Further analysis showed that there was a significant correlation (p < 0.05) between the soil organic carbon reserves (SCT) of the shore zone ecosystem and the remaining 10 variables screened, except Distance (p = 0.057) (fig. 2). And acquiring the selected 11 model variable data based on the GEE platform and GIS software, and performing preprocessing such as data calibration, grid size matching and the like. FIG. 3 shows the processed Tianjin coast zone area 10m spatial resolution variable spatial distribution data.

According to the method for simulating the organic carbon reserves of the coastal zone soil in the embodiment 1, an enhanced regression tree model for estimating and predicting the organic carbon reserves of the coastal zone soil is constructed.

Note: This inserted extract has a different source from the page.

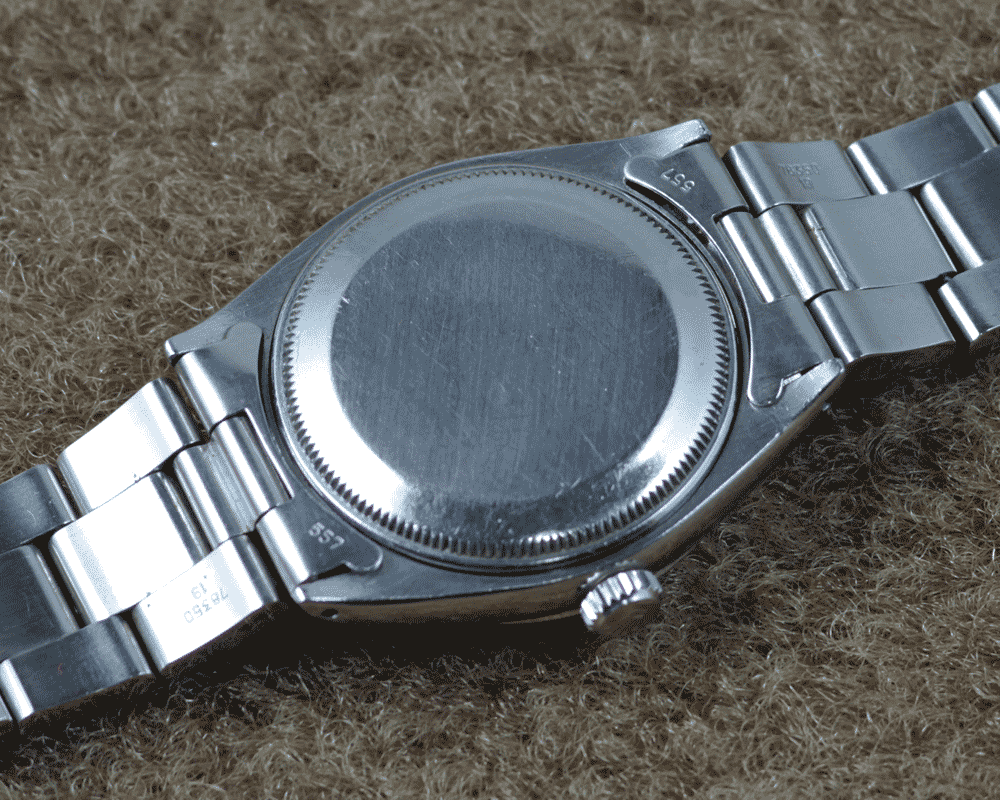 ขอบทองคำขาว หน้าปัทม์เดิมๆ สายสแตนเลสแท้ยาวประมาณ 6 นิ้วครึ่ง

And (3) performing multiple groups of model experiments by adopting a step-by-step simulation test (parameters are changed step by step according to certain gradient intervals), determining the learning rate (lr) of the BRT model of the organic carbon in the soil in the coastal zone of Tianjin city, wherein the optimal values of the parameters of tree complexity (tc) and bagging ratio (bg) are 0.005,0.5 and 5, and determining the SCT simulation prediction optimal BRT model. The simulation result of the ten-layer cross validation evaluation model shows that the correlation coefficient between the observation of the BRT model simulation SCT sampling points reaches 0.78, and the SCT simulation precision requirement is met.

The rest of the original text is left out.